**WHAT YOU HAVE TO DO:** After locating the line with "통해 「새로운 마음가짐으로 새로운 협회를 만드는 데 앞장 서자」고 당부했다." below, output it and each following line exactly, stopping after the line with "歪人 桜井画門／三浦追儼". No pictures.

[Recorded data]
────────
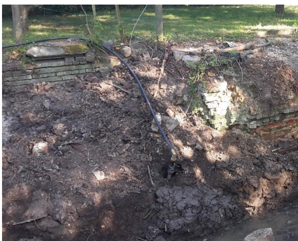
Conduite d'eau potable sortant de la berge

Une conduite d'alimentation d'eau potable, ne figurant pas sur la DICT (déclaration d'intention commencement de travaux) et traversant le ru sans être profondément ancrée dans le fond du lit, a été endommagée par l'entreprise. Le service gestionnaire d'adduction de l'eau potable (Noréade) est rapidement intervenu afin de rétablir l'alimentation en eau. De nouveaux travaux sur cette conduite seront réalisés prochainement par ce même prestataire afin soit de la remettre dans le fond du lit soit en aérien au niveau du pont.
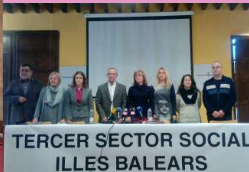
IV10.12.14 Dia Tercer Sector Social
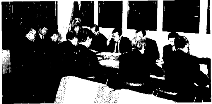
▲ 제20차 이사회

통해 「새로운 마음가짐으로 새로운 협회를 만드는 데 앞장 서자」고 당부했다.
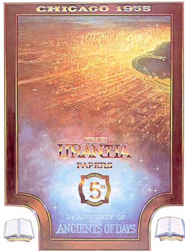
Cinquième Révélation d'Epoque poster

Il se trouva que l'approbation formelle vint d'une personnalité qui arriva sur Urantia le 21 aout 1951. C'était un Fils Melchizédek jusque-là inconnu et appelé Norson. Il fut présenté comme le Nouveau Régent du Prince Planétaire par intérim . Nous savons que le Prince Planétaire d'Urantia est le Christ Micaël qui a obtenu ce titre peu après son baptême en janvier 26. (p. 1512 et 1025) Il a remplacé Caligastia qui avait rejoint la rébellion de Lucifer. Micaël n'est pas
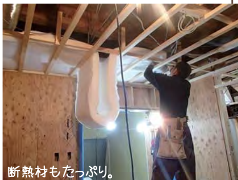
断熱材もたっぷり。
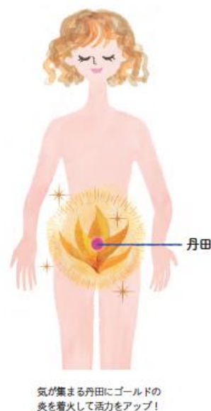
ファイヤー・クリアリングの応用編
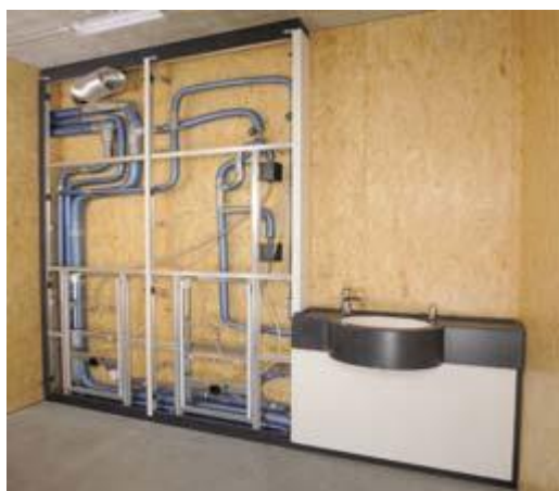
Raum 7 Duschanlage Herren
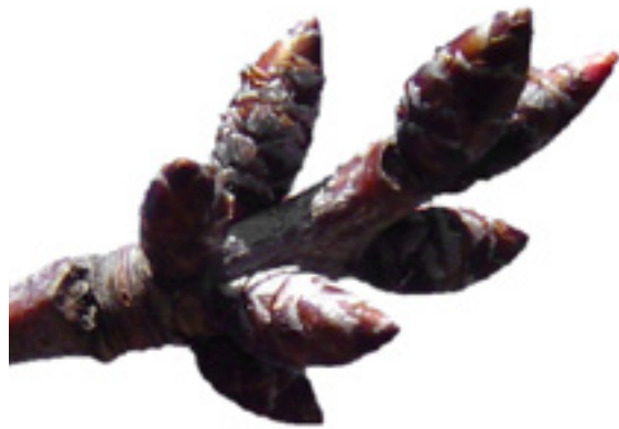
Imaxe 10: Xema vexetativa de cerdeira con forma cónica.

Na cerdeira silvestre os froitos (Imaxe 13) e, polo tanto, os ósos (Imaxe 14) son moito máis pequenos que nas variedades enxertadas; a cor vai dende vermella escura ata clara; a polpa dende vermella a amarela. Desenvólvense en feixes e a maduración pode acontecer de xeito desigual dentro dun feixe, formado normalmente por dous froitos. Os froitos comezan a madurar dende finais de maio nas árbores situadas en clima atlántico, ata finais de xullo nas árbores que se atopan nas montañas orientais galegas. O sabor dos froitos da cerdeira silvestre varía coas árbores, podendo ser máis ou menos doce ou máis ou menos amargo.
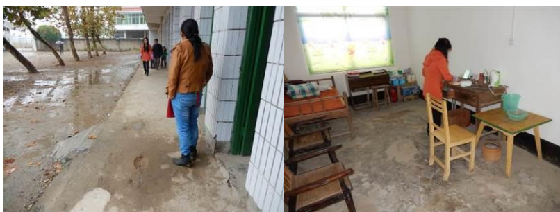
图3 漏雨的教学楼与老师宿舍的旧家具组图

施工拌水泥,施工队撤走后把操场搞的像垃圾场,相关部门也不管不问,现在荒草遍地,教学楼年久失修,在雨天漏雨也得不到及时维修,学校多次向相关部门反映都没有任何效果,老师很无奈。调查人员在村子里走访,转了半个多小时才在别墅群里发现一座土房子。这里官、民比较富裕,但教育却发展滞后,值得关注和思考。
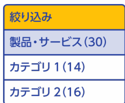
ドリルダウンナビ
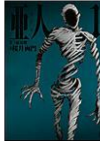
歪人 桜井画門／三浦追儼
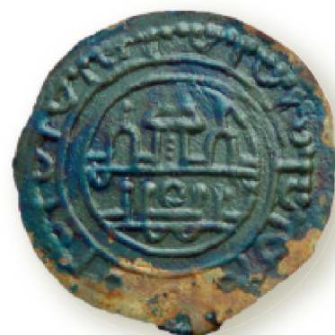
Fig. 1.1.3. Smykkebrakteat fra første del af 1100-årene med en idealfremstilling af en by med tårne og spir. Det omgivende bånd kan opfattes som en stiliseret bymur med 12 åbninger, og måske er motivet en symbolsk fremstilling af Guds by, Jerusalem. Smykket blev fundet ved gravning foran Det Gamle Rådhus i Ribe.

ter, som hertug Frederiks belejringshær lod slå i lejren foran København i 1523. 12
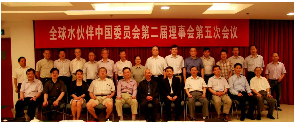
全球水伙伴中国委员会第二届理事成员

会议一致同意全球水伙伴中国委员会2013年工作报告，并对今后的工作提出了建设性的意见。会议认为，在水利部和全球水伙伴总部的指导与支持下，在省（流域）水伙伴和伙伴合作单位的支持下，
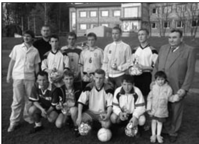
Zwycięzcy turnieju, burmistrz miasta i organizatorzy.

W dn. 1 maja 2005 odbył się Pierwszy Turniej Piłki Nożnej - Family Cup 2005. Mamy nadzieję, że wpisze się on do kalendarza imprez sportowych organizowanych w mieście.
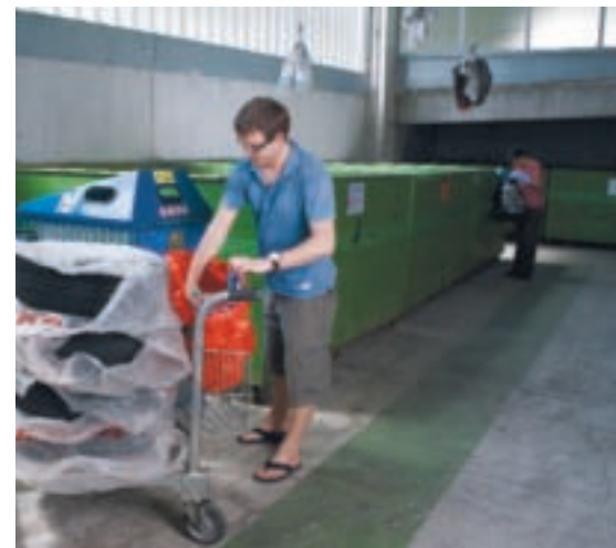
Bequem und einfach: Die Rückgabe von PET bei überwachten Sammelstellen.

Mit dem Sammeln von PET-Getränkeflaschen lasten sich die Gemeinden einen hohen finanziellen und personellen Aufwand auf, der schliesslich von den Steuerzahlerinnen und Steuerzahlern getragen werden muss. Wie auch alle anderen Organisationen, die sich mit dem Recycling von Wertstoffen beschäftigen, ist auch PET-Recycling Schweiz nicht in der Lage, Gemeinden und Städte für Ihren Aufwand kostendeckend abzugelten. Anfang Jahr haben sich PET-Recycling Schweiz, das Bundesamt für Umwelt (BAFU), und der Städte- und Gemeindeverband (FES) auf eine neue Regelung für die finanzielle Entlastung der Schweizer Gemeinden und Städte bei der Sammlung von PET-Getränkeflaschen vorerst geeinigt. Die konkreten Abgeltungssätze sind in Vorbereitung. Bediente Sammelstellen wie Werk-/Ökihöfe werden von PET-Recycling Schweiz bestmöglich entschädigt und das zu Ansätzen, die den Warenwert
────────
**SOLUTION TO THIS EXERCISE:**
통해 「새로운 마음가짐으로 새로운 협회를 만드는 데 앞장 서자」고 당부했다.
Cinquième Révélation d'Epoque poster

Il se trouva que l'approbation formelle vint d'une personnalité qui arriva sur Urantia le 21 aout 1951. C'était un Fils Melchizédek jusque-là inconnu et appelé Norson. Il fut présenté comme le Nouveau Régent du Prince Planétaire par intérim . Nous savons que le Prince Planétaire d'Urantia est le Christ Micaël qui a obtenu ce titre peu après son baptême en janvier 26. (p. 1512 et 1025) Il a remplacé Caligastia qui avait rejoint la rébellion de Lucifer. Micaël n'est pas
断熱材もたっぷり。
ファイヤー・クリアリングの応用編
Raum 7 Duschanlage Herren
Imaxe 10: Xema vexetativa de cerdeira con forma cónica.

Na cerdeira silvestre os froitos (Imaxe 13) e, polo tanto, os ósos (Imaxe 14) son moito máis pequenos que nas variedades enxertadas; a cor vai dende vermella escura ata clara; a polpa dende vermella a amarela. Desenvólvense en feixes e a maduración pode acontecer de xeito desigual dentro dun feixe, formado normalmente por dous froitos. Os froitos comezan a madurar dende finais de maio nas árbores situadas en clima atlántico, ata finais de xullo nas árbores que se atopan nas montañas orientais galegas. O sabor dos froitos da cerdeira silvestre varía coas árbores, podendo ser máis ou menos doce ou máis ou menos amargo.
图3 漏雨的教学楼与老师宿舍的旧家具组图

施工拌水泥,施工队撤走后把操场搞的像垃圾场,相关部门也不管不问,现在荒草遍地,教学楼年久失修,在雨天漏雨也得不到及时维修,学校多次向相关部门反映都没有任何效果,老师很无奈。调查人员在村子里走访,转了半个多小时才在别墅群里发现一座土房子。这里官、民比较富裕,但教育却发展滞后,值得关注和思考。
ドリルダウンナビ
歪人 桜井画門／三浦追儼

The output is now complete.